=== Task item ===
Exactly as written, please repeat the data that follows, but not the pictures.

(Collection entries)
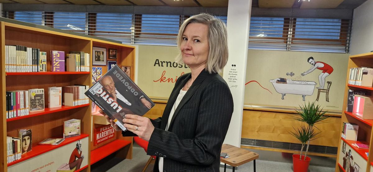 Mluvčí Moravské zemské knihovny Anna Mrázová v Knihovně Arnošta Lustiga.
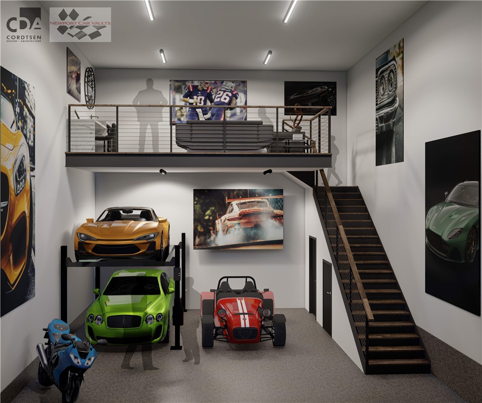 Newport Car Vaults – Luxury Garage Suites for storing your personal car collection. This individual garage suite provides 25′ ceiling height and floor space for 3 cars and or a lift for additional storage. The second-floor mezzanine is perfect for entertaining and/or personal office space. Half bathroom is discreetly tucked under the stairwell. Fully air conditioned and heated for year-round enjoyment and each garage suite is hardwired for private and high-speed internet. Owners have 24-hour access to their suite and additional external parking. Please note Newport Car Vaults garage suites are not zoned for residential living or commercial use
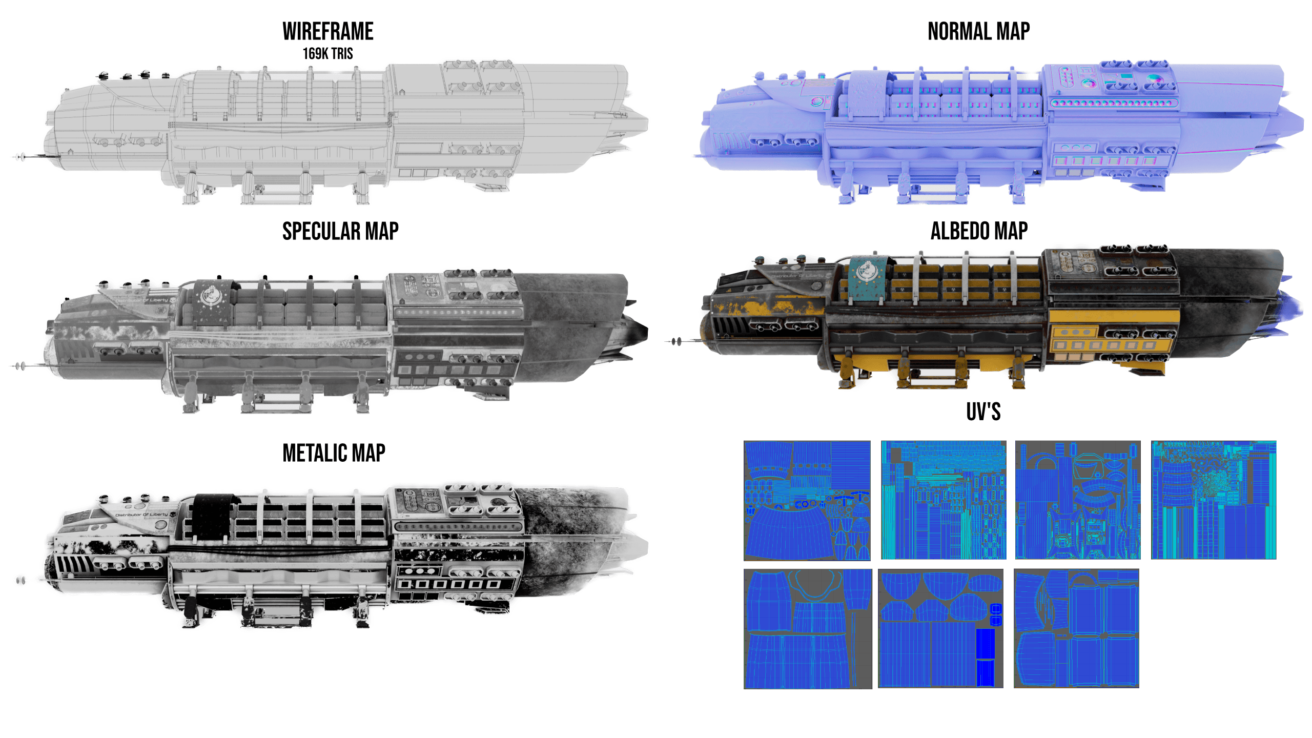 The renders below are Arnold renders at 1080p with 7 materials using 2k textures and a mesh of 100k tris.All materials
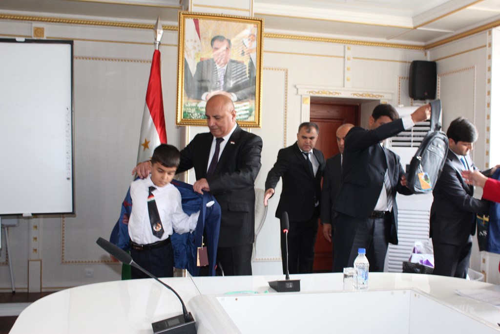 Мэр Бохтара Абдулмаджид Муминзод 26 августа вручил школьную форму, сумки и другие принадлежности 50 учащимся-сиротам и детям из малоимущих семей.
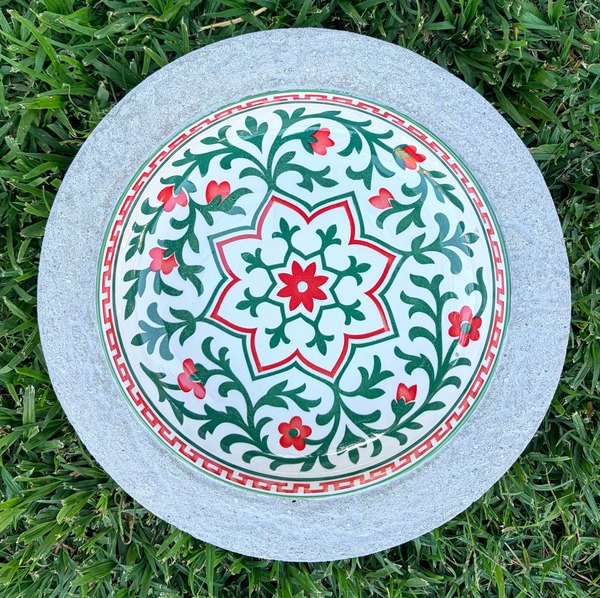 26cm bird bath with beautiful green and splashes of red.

=== Solution to this exercise ===
 Mluvčí Moravské zemské knihovny Anna Mrázová v Knihovně Arnošta Lustiga.
 Newport Car Vaults – Luxury Garage Suites for storing your personal car collection. This individual garage suite provides 25′ ceiling height and floor space for 3 cars and or a lift for additional storage. The second-floor mezzanine is perfect for entertaining and/or personal office space. Half bathroom is discreetly tucked under the stairwell. Fully air conditioned and heated for year-round enjoyment and each garage suite is hardwired for private and high-speed internet. Owners have 24-hour access to their suite and additional external parking. Please note Newport Car Vaults garage suites are not zoned for residential living or commercial use
 The renders below are Arnold renders at 1080p with 7 materials using 2k textures and a mesh of 100k tris.All materials
 Мэр Бохтара Абдулмаджид Муминзод 26 августа вручил школьную форму, сумки и другие принадлежности 50 учащимся-сиротам и детям из малоимущих семей.
 26cm bird bath with beautiful green and splashes of red.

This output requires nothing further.